Let $H:\mathbb{R^3}\to \mathbb{C^3}$ such that H is continuously differentiable in $\mathbb{R^3}$. Denote the sphere of radius $R$ centered around origin by $\Omega_{R}$. Considering $\mathbf{r}$ to be the radial coordinate and $\hat{r}$ to be the unit vector in the radial direction. How to show that the closed surface integral
$$\int_{\Omega_{R}} \frac{H(\mathbf{r})}{|\mathbf{r}|^3} \times \hat{r} \ dS$$
converges to the zero vector as $R\to 0$?
It is sufficient to show that
$$\left\Vert \int_{\Omega_{R}} \frac{H(\mathbf{r})}{|\mathbf{r}|^3} \times \hat{r} \ dS \right\Vert \to 0 $$ as $R$ goes to $0$. But then I do not know how to proceed from there.
Another way would be to show that each component goes to zero. For instance, if $H(\mathbf{r})= ( H_x(\mathbf{r}) , H_y(\mathbf{r}) , H_z(\mathbf{r}) )$ and $\hat{r} = (r_x,r_y,r_z)$, then the integrand for the x-component of the integral is $H_y(\mathbf{r})r_z - H_z(\mathbf{r})r_y $. If we assume that $H_y(\mathbf{r}) = H_y(\mathbf{0}) + \varepsilon_y(\mathbf{r})$ and $H_z(\mathbf{r}) = H_z(\mathbf{0}) + \varepsilon_z(\mathbf{r})$, then for $\mathbf{r} \in \Omega_R $
$$ \left|\frac{H_y(\mathbf{r})r_z - H_z(\mathbf{r})r_y}{|\mathbf{r}|^3} - \frac{H_y(\mathbf{r_0})r_z - H_z(\mathbf{r_0})r_y}{|\mathbf{r}|^3} \right|= \left|\frac{\varepsilon_y(\mathbf{r})r_z - \varepsilon_z(\mathbf{r})r_y}{|\mathbf{r}|^3} \right| \leq \frac{|\varepsilon_y(\mathbf{r})r_z| + |\varepsilon_z(\mathbf{r})r_y|}{|\mathbf{r}|^3} < \frac{|r_z| + |r_y|}{|\mathbf{r}|^3} \varepsilon $$
where $\varepsilon$ is the maximum of the supremum (over $\Omega_R$) of $|\varepsilon_y(\mathbf{r})|$ and $|\varepsilon_z(\mathbf{r})|$. The above bound cannot be used to show that the integral goes to zero because after integration we will be left with $|\mathbf{r}|$ in the denominator.

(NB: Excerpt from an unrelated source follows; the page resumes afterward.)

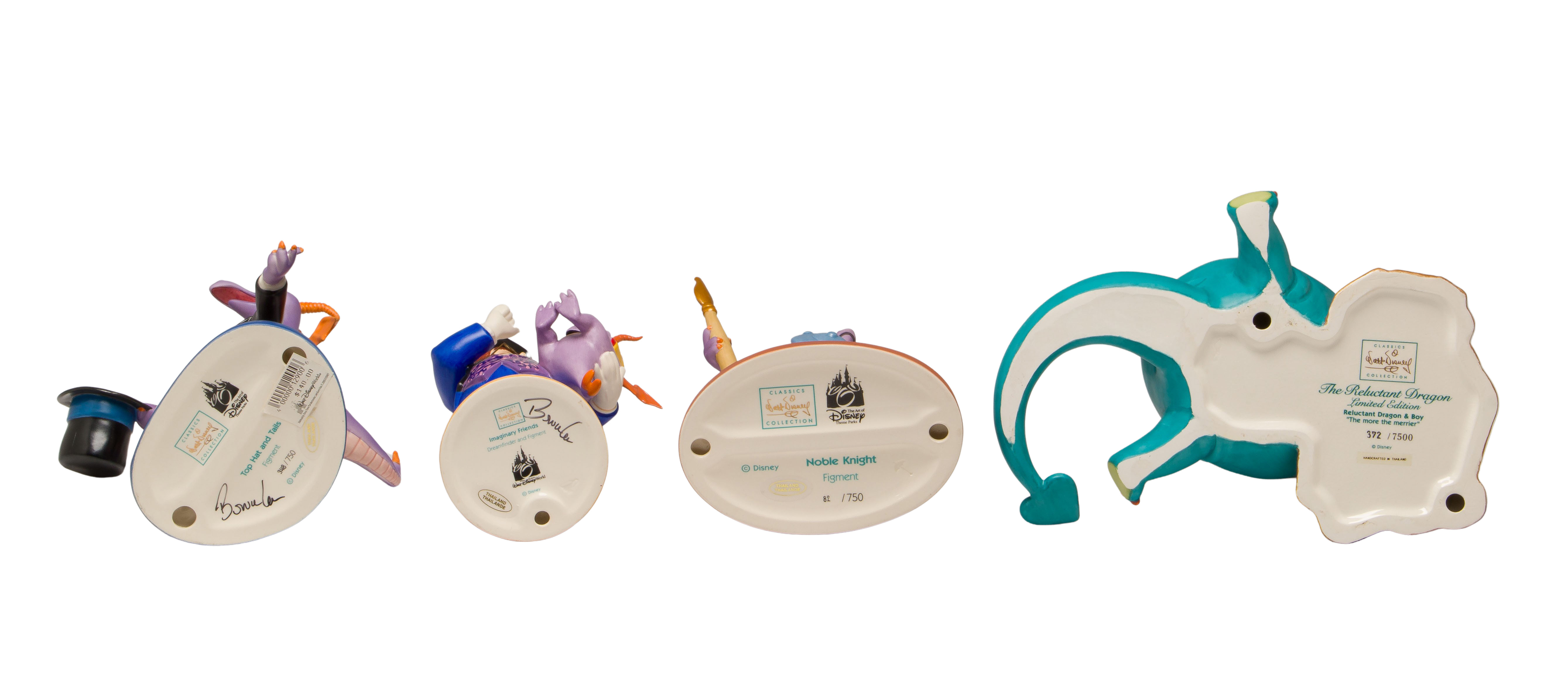 (4) total porcelain items including ‘Noble Knight’, #82/750, ‘Top Hat and Tails’, #348/750 and ‘Dreamfinder and Figment’; together with ‘The More the Merrier’ Reluctant Dragon and boy, #372/7500

The claim is wrong. Consider the field $${\bf H}({\bf r}):=(y,-x,0)\ .$$ Using the parametrization $${\bf r}(\phi,\theta):=R(\cos\theta\cos\phi,\cos\theta\sin\phi,\sin\theta)$$ of $\Omega_R$, whereby $\phi$ and $\theta$ are geographical coordinates, we have $$\hat r=(\cos\theta\cos\phi,\cos\theta\sin\phi,\sin\theta),\qquad {\rm d}\omega=R^2\cos\theta\>{\rm d}(\phi,\theta)\ ,$$ and $${\bf H}\bigl({\bf r}(\phi,\theta)\bigr)\times\hat r=R(-\cos\theta\sin\theta\cos\phi,\ -\cos\theta\sin\theta\sin\phi,\ \cos^2\theta)\ .$$ The first two components of the integral $$\int_{\Omega_R}{{\bf H}({\bf r})\times\hat r\over|{\bf r}^3|}\>{\rm d}\omega$$ then vanish trivially, and for the third component we obtain $${1\over R^3}\cdot 2\pi R\cdot \int_{-\pi/2}^{\pi/2}\cos^2\theta\cdot R^2\cos\theta\>d\theta={8\pi\over3}\ ,$$ and this does not converge to $0$ when $R\to0+$.